05:06 Qu'est-ce qu'il nous reste aujourd'hui de Louise Michel ?
05:08 Alors, qu'est-ce qu'il nous reste de Louise Michel ?
05:10 Pas mal de bibliothèques, on les appelait comme ça.
05:12 On a eu plein d'établissements de métro.
05:14 Pendant très longtemps, ça a été la seule station de métro ayant un nom féminin, c'était la sienne.
05:20 Près de 190 établissements scolaires.
05:23 Et puis, je dirais, une légende, et aussi une femme qui continue à vraiment partager, parce qu'il y a toute la gauche qui voit en elle une femme qui a fédéré la gauche, c'est vrai d'ailleurs à un moment.
05:37 Et qui en plus, c'était en même temps une femme capable de dire des horreurs, mais extrêmement soucieuse des misérables, extrêmement attentive.
05:47 Des kanaks notamment ?
05:49 Notamment, quand elle est en Nouvelle-Calédonie, elle s'est intéressée à la culture kanak.
05:53 Elle pensait que les européens étaient supérieurs, mais elle pensait qu'il fallait les civiliser, qu'ensuite il y aurait une sorte de mixité qui se ferait entre les kanaks et les européens.
06:04 Et donc, à côté de ça, la droite au contraire, elle a toujours traité de pétroleuse, de nafuran...
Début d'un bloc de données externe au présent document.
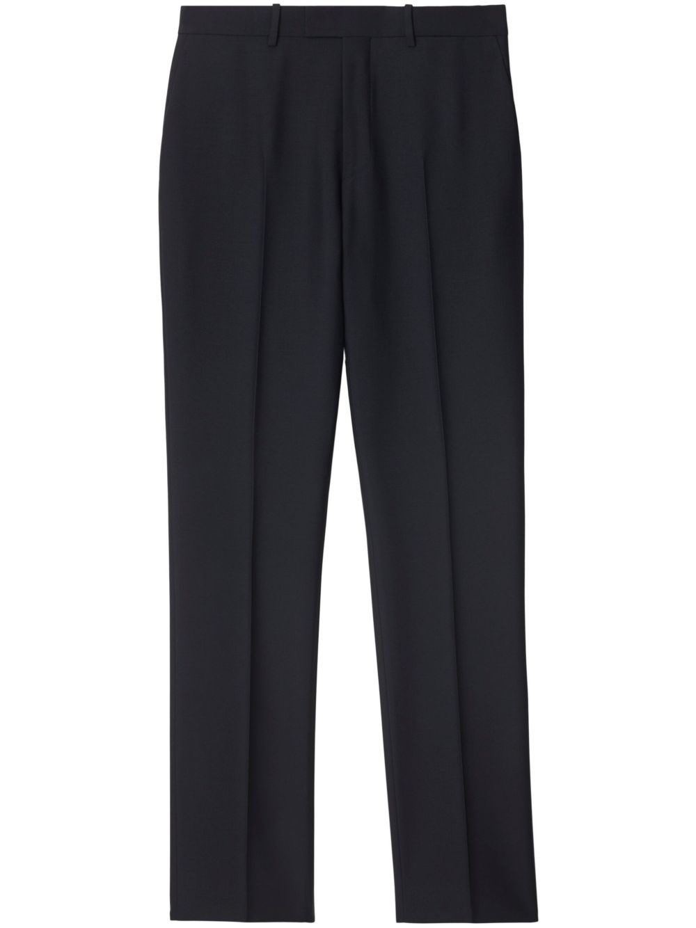 wool tailored trousers Highlights - Navy blue - Concealed front button, hook and zip fastening - Slip pockets to the sides - Rear welt pocket - Pressed crease Made in Italy Composition Lining: Viscose 100% Outer: Wool 100%, Buffalo Horn 100%
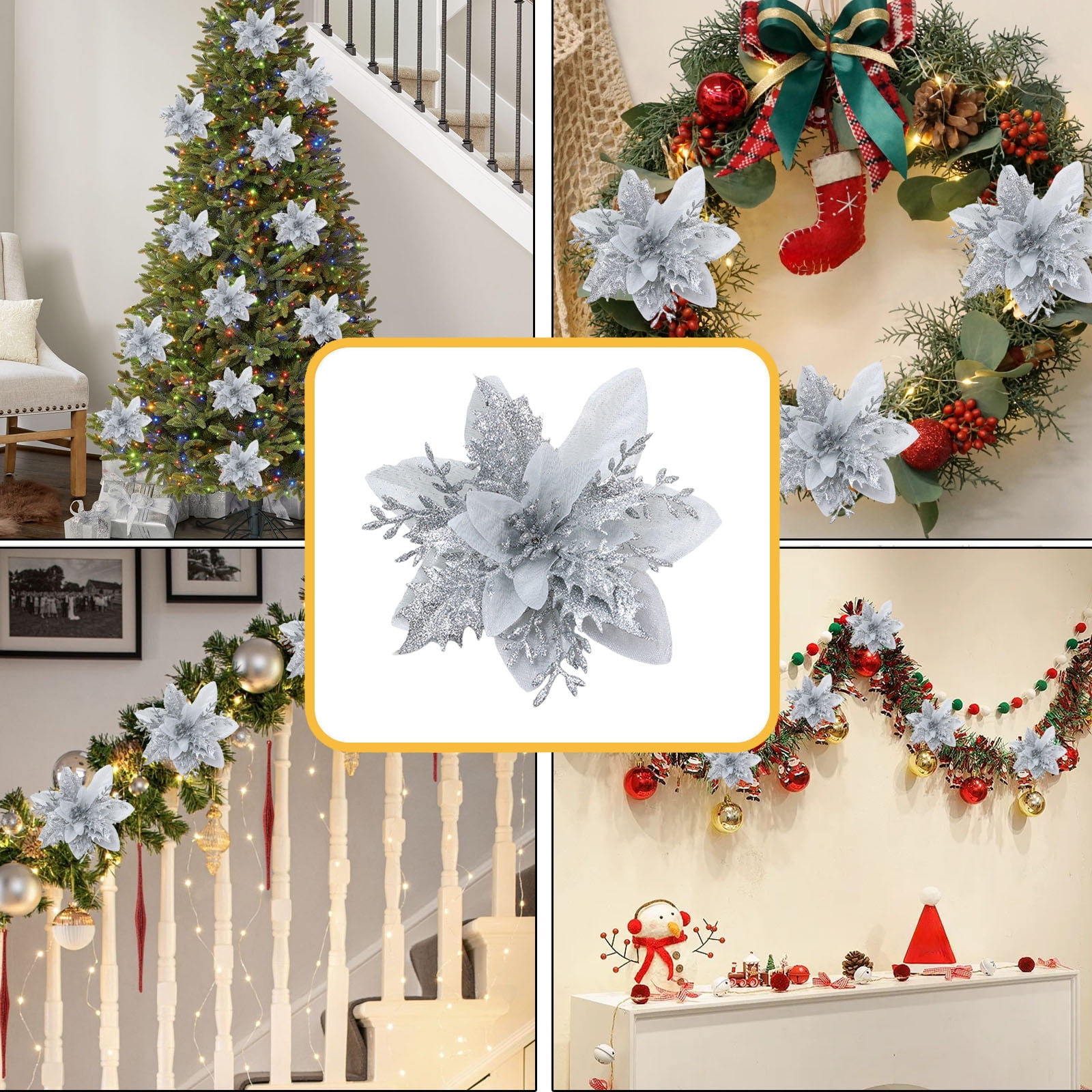 PONPRNGY 6Pcs Christmas Poinsettia Flower Decorations Artificial
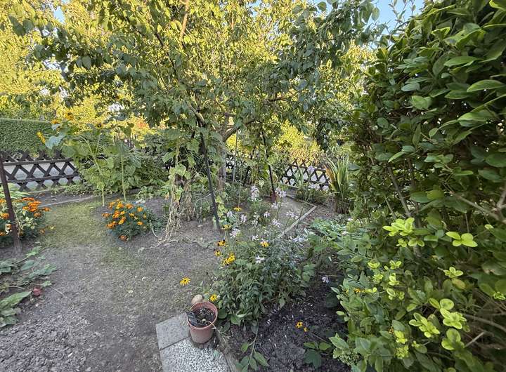 Es gibt keine Pflicht zum Anbau von Gemüse etc. (kein Kleingarten), aber natürlich ist das gern gesehen. Die Gärten sind durch jahrzehntelange Nutzung mit toller Erde und schönem Baumbestand gesegnet. Viele Parzellen haben einen kleinen Teich o.Ä. - bitte Bilder sehen.
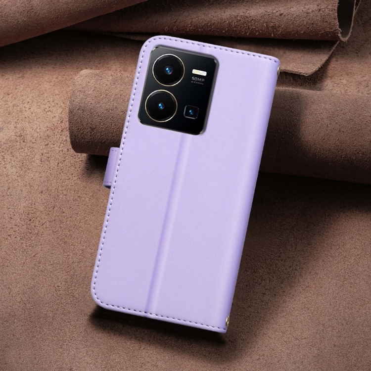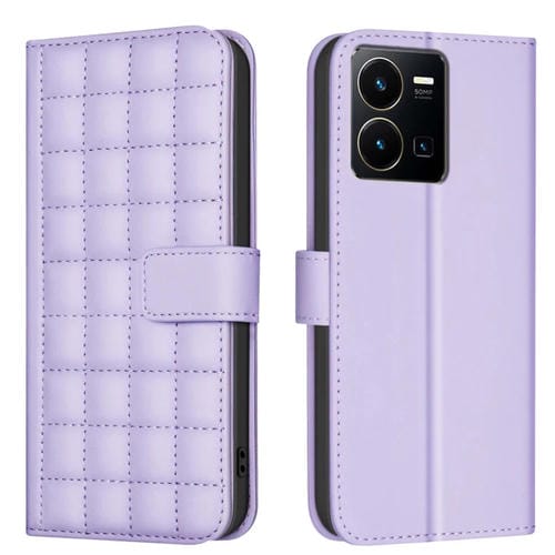 Para Vivo Y35 4G / Y22S Funda de Cuero para Teléfono con Textura Cuadrada (Púrpura)

06:11 Qui est une super insulte !
06:13 Pétroleuse, c'est vraiment...
06:15 Et du coup, je pense que même aujourd'hui encore, je le vois maintenant, il y a encore des clivages.
06:22 Sur Louise Michel.
06:25 Et aussi, parce qu'elle était une femme, elle n'était pas forcément prise au sérieux. Vous citez un journal qui écrit...
06:30 "À sa mort, qu'elle a été révolutionnaire d'instincts et de sentiments plutôt que de calculs et de raisons."
06:35 Comme si quand on était une femme, on faisait la révolution parce que ça nous passe par la tête, comme ça ?
06:39 Oui, mais bien sûr, parce que...
06:41 Il y a des luttes féminines depuis la révolution de 89.
06:45 Mais enfin, il faut bien être réaliste que le monde est extrêmement misogyne.
06:49 D'ailleurs, même avant, Proudhon, qui est quand même le père de l'anarchie, disait que les femmes devaient rester au foyer.
06:54 Du coup, le père et la mère de l'anarchie ne s'entendaient pas très bien.
06:58 Pas très bien, absolument.
07:01 Et donc, comme elle disait, elle citait toujours cette parole de Molière qui disait "la femme est le potage de l'homme".
07:06 Mais donc, vous voyez, c'était...
07:09 Oui, c'est sûr, mais enfin, elle était dans un monde d'hommes.
07:12 Et elle, tous les hommes l'appelaient parce qu'elle était le clou des conférences.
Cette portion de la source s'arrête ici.